5月29、30日と、一泊二日で鹿児島を訪ねてきた。
ちょうど九州に梅雨入り宣言が出され、午前中までは前線の影響で豪雨となったにもかかわらず、奇跡的に到着してから、 翌日鹿児島を離れるまでは天気に恵まれた。
今回はGOGGLE誌の取材だったが、鹿児島のシーカヤックメーカーである「Nanok」 の安藤氏に現地の案内を頼んで、ずっとサポートしてもらった。
以前から、ナノックを訪ねて、錦江湾でカヤックの試乗をしようと願っていたのだが、今回は、 会社のほうはほんの少しお邪魔しただけで、カヤックの試乗もかなわなかった。でも、また近々お邪魔するつもりだし、 来月の奄美シーカヤックツアーでは、また安藤氏とも会えるし、そこでNanokの艇にもいろいろ試乗できそうなので、楽しみにしている。

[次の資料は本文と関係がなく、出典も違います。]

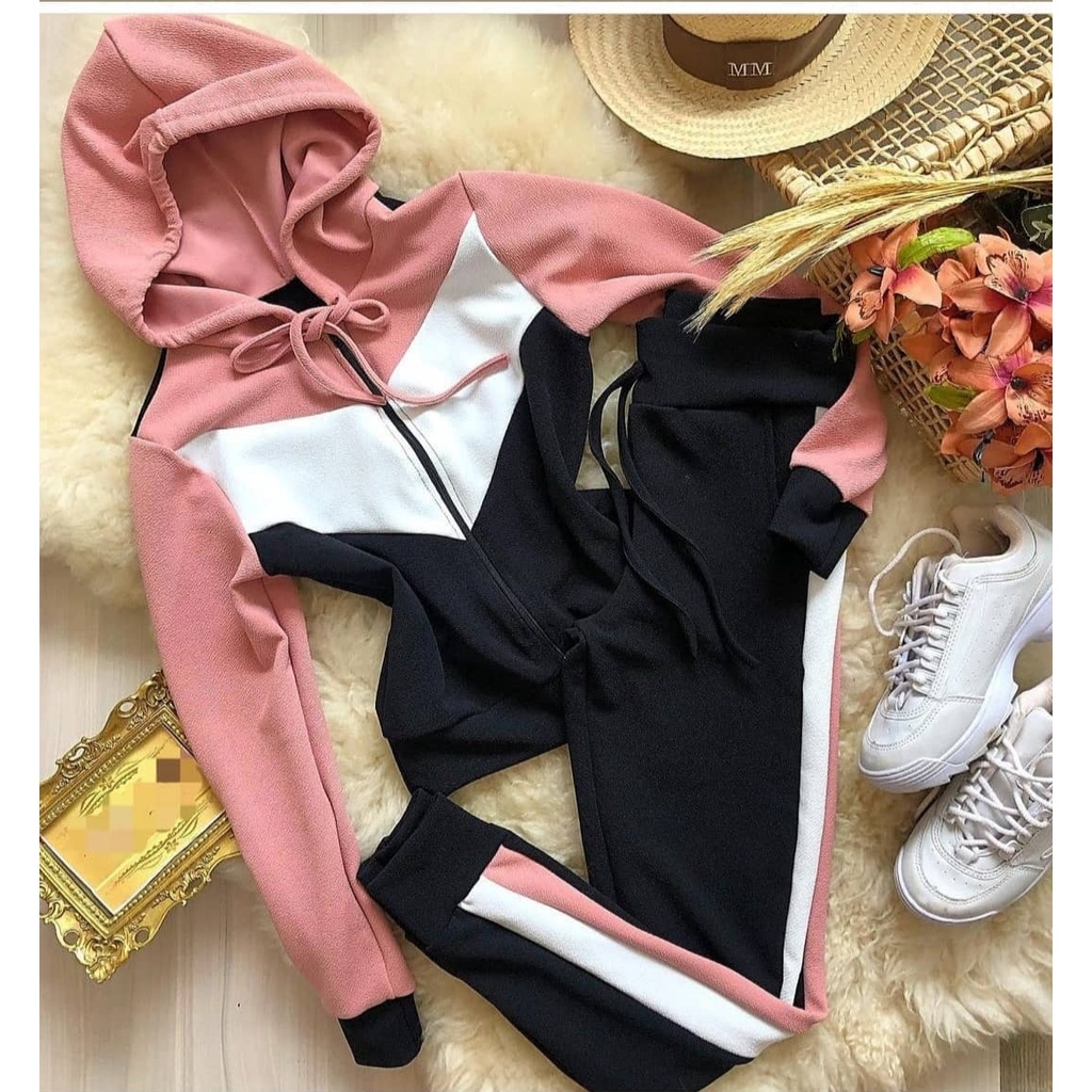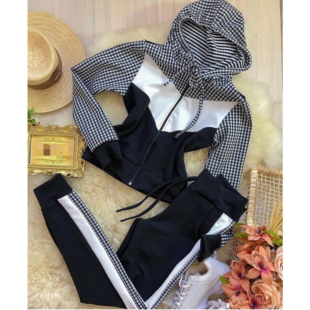 Conjunto manga longa com calça detalhes xadrez com capuz e ziper

鹿児島空港まで、短パンにTシャツ、足元はクロックスといういでたちで、真っ黒に日焼けして現れた安藤氏は、毎日、 会社まで片道25kmの道のりをMTBで通い、時間があればサーフィンやシーカヤックを楽しんでいる。
会社の目の前が海で、すぐに艇を浮かべられる環境にあり、山に行きたければ30分も走れば霧島連山にアプローチできる。

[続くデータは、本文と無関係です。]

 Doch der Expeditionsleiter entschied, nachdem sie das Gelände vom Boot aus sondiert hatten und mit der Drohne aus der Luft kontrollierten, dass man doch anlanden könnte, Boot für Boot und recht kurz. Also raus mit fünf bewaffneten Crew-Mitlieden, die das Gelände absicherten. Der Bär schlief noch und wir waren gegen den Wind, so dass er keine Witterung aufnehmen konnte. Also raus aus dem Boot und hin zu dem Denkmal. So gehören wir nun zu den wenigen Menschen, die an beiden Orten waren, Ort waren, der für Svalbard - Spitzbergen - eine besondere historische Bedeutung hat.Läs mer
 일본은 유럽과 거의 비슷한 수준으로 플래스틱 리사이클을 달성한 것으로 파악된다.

「ぼくらは、こうして普段の生活から動き回っていて、ストレスもたまらないですけど、東京とか大阪とか行くと、あの人ごみや渋滞で、 なんだか澱んでいる気がするんですよね。血が澱んだら病気になるでしょ、澱んだ土地は土地そのものが病気になってしまうし、 そこに暮らす人も健康ではいられないと思うんですよね……」
いかにも『自然児』そのままの彼の言葉は、素直で、実感がこもっている。
澱んだ土地に住んでいると、いつのまにかその澱みに慣れてしまい、自分が病んでいる……病まされている…… ことにも気づかなくなってしまう。それがもっとも恐ろしいのではないかという気がする。
鹿児島を離れるとき、錦江湾越しに桜島が連発で噴火した。東京から訪ねていったぼくたちは、その迫力に、思わず興奮した後、 こんな非常事態に避難しなくてもいいのかと不安になったが、地元の人たちは噴煙を見上げるでもなく、平然と通りを歩き、車を走らせている。
人は、その土地土地の自然と共生していると同時に、土地の持つ力をその身と心に受けている……そんなことを実感しつつ、 早く自分も自分の個性に合った土地に住んで、自然と一体にならなければと痛感させられた。